_Data section_.
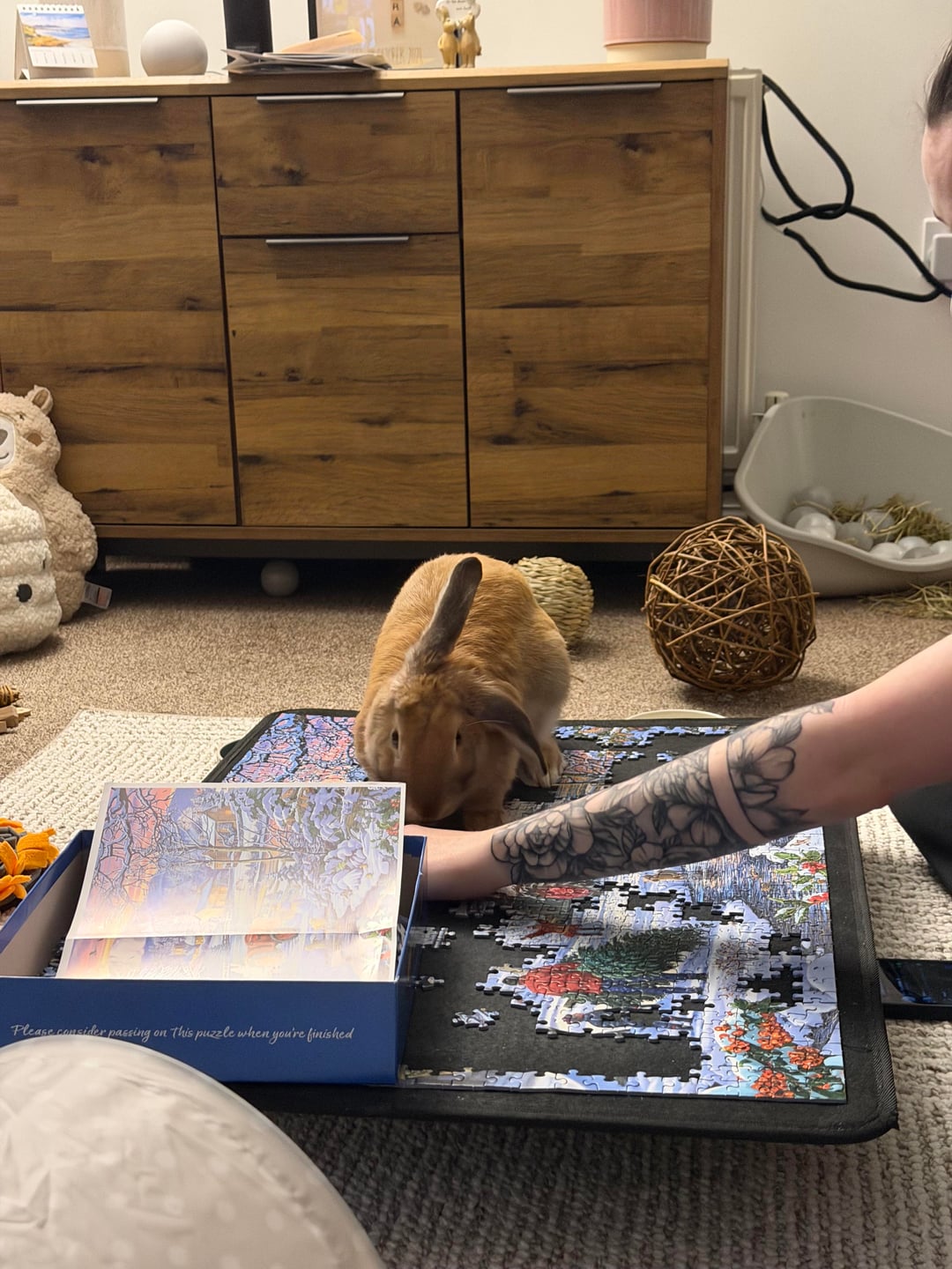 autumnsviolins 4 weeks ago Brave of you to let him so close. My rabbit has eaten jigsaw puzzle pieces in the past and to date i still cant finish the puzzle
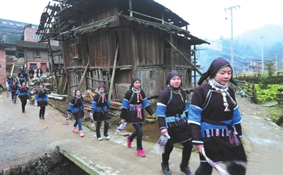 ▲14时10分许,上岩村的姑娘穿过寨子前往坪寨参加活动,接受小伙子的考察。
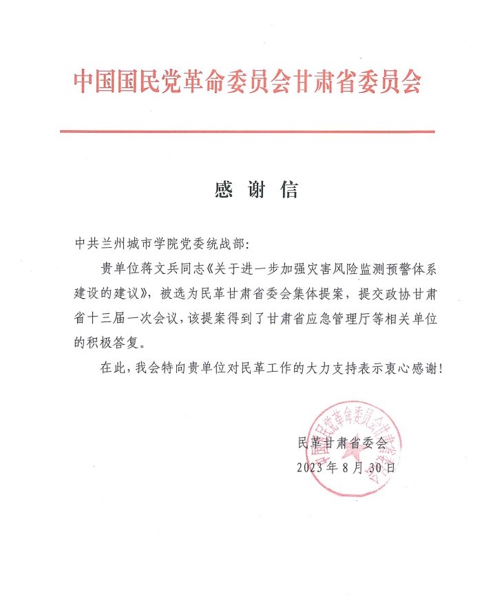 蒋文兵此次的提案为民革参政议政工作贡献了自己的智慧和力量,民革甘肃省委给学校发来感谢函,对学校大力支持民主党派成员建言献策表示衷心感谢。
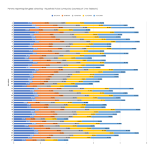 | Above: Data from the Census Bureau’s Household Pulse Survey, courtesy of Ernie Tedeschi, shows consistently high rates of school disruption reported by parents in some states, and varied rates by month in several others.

_Your instructions_.
Everything in the listing should be copied exactly, apart from the images it holds.

_Result of this task_.
 autumnsviolins 4 weeks ago Brave of you to let him so close. My rabbit has eaten jigsaw puzzle pieces in the past and to date i still cant finish the puzzle
 ▲14时10分许,上岩村的姑娘穿过寨子前往坪寨参加活动,接受小伙子的考察。
 蒋文兵此次的提案为民革参政议政工作贡献了自己的智慧和力量,民革甘肃省委给学校发来感谢函,对学校大力支持民主党派成员建言献策表示衷心感谢。
 | Above: Data from the Census Bureau’s Household Pulse Survey, courtesy of Ernie Tedeschi, shows consistently high rates of school disruption reported by parents in some states, and varied rates by month in several others.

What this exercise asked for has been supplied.